GWの29日に家族と外食をし、家族は買い物が有ると言って先に帰り、S君は歩いて帰ると言って一人で出て行ったのだが、その晩帰宅せず家族が心配していたところ、翌朝警察から橋から転落して死亡していると連絡があったとのこと。司法解剖をしたが死因ははっきりしなかったとのこと、足を滑らせ誤って落ちたのか、酔いが回って吐きそうになり体を乗り出して落ちたのか、はたまた急な心筋梗塞の様なものが起きて倒れた拍子に落ちたのか、いずれにしても事故死であろうと推測される。奥様はいまだS君の死を受け入れられず、悲しみの淵におられる。何とお慰めをしたらよいのか言葉が見つからない。
13年前小樽の奥様の実家で
まだお子さんが大学生と高校年生で、これからのことが案じられてならない。
おもえば彼は夕張出身、お父上は当時北海道炭鉱に勤めておられた。しかし大学3年の時、北炭の大ガス爆発事故により会社は倒産、経済的に困窮する中頑張って卒業した。彼とは入学以来、彼のアパートと、私たちが住んでいた家が近かった事もあり1年生の時から夜明けまでよく飲み明かしたり、将来を語ったりした仲である。
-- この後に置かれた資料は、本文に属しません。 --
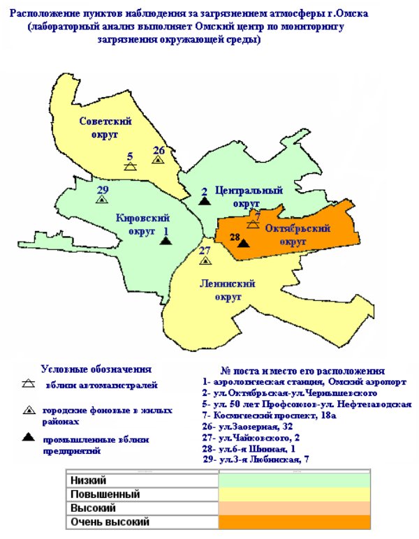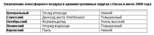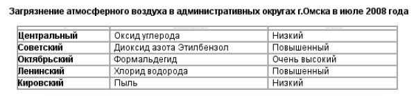 По сведениям ГУ "Омский центр по гидрометеорологии и мониторингу окружающей среды с региональными функциями", в июле 2008 года в целом по городу уровень загрязнения воздуха был очень высоким. 23 июля на посту №28 в Октябрьском административном округе зарегистрирован случай высокого загрязнения атмосферного воздуха формальдегидом (13,7 ПДК). В Советском и Ленинском округах весь месяц уровень загрязненности воздуха продержался на отметке "повышенный". А в Кировском и Центральном загрязнение атмосферного воздуха удалось снизить до отметки "низкий".

彼の口癖は「歯医者になったらバラ色」もっともそれは幻想でしかなかったが、それでも当時はそれを信じて勉学や実習に励んだ思い出が有る。
映画「ラブレター」のロケ地になった奥様の実家
卒後、彼は北海道滝川市で開業したが、沖縄の地にあこがれ医院を閉院し沖縄に引っ越した。ここ2〜3年は少し体調がすぐれなかったようで、昨年自院を閉院し勤務医生活を送っていた。1カ月に1回程度のFAXや電話で連絡を取り合っていたが、ここ2カ月くらいとだえていて、気になっていたのだが、家内がたまたま柑橘類を贈った所、奥様からの電話で事の次第を知った。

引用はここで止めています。